EXERCISE: Transcribe word for word each line from the one containing "Για Xiaomi Haylou" to the final line of the data, both included. Skip the pictures.

SOURCE MATERIAL:
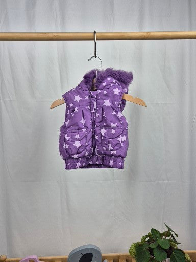 Hravá fialová vesta s hvězdičkovým vzorem od značky Cherokee je skvělým doplňkem do dětského šatníku na chladnější dny. Jemný lesklý materiál je nejen stylový, ale také praktický a snadno se čistí. Vesta je zateplená a poskytuje skvělou ochranu proti větru a chladu. Kapuce s měkkým kožíškem dodává vestě roztomilý vzhled a zajišťuje extra teplo pro hlavičku. Praktické kapsy na přední straně jsou ideální na schování drobných pokladů. Skvěle se hodí přes mikinu nebo svetr na procházky i rodinné výlety!
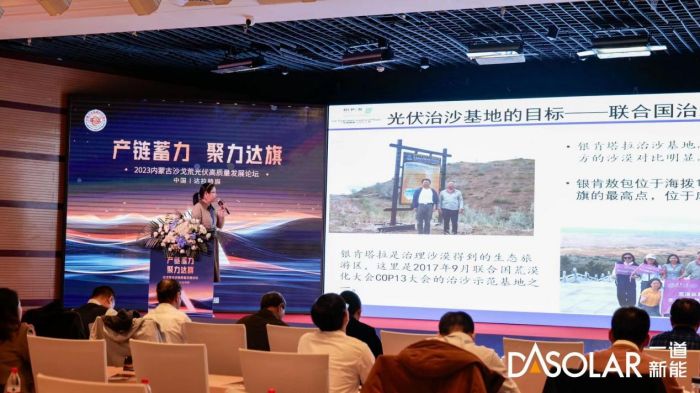 最后,一道新能高级副总裁黄卫红女士代表一道新能做开场致词。黄总表示,随着国家“双碳”目标的持续推进,近年来,内蒙光伏产业蓬勃发展。今年10月,内蒙古汇达一道新能源科技有限公司年产5.5 GW高效组件生产项目在达拉特旗正式投产,汇达一道作为达拉特旗最先进的光伏组件制造企业,填补了达拉特旗在光伏组件制造产业的空白,也开启了达拉特旗新能源产业链集群发展的新局面。未来,依托在沙戈荒项目的丰富经验,一道新能将全面助力内蒙古绿色能源的转型。
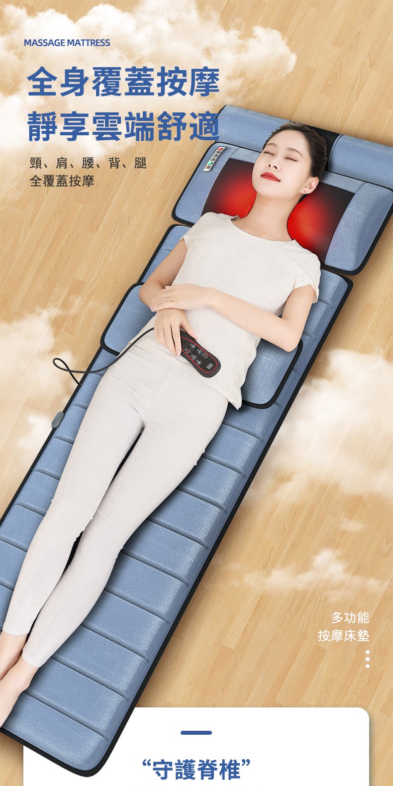 11分鐘前多功能全身按摩床墊 | 電動加熱頸椎、腰部、背部、腿部全方位按摩器,舒緩身心疲勞 - 6鍵旗艦款(6鍵揉捏+震動+氣囊+10電機+腰部熱敷)
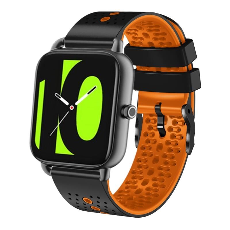 Για Xiaomi Haylou RS4 LS12 22 χιλιοστά διάτρητη ζώνη ρολογιού σιλικόνης δύο χρωμάτων (μαύρο + πορτοκαλί)
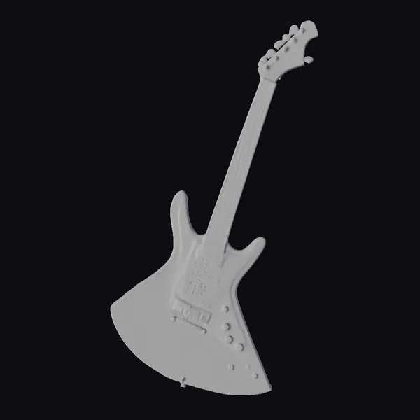 Detailed with precision, this V-shaped electric guitar features a sunburst finish that transitions smoothly from deep orange at the edges to golden hues towards the center. The flat black body and headstock offer a sophisticated contrast, while the six strings and various knobs and switches add to its realistic appearance. The guitar’s unique shape and detailed design make it an excellent choice for 3D modeling, animation, and game development projects. Its applications extend to architectural visualization, product design, and even virtual reality experiences, offering a versatile tool for creatives.

EXERCISE ANSWER:
 Για Xiaomi Haylou RS4 LS12 22 χιλιοστά διάτρητη ζώνη ρολογιού σιλικόνης δύο χρωμάτων (μαύρο + πορτοκαλί)
 Detailed with precision, this V-shaped electric guitar features a sunburst finish that transitions smoothly from deep orange at the edges to golden hues towards the center. The flat black body and headstock offer a sophisticated contrast, while the six strings and various knobs and switches add to its realistic appearance. The guitar’s unique shape and detailed design make it an excellent choice for 3D modeling, animation, and game development projects. Its applications extend to architectural visualization, product design, and even virtual reality experiences, offering a versatile tool for creatives.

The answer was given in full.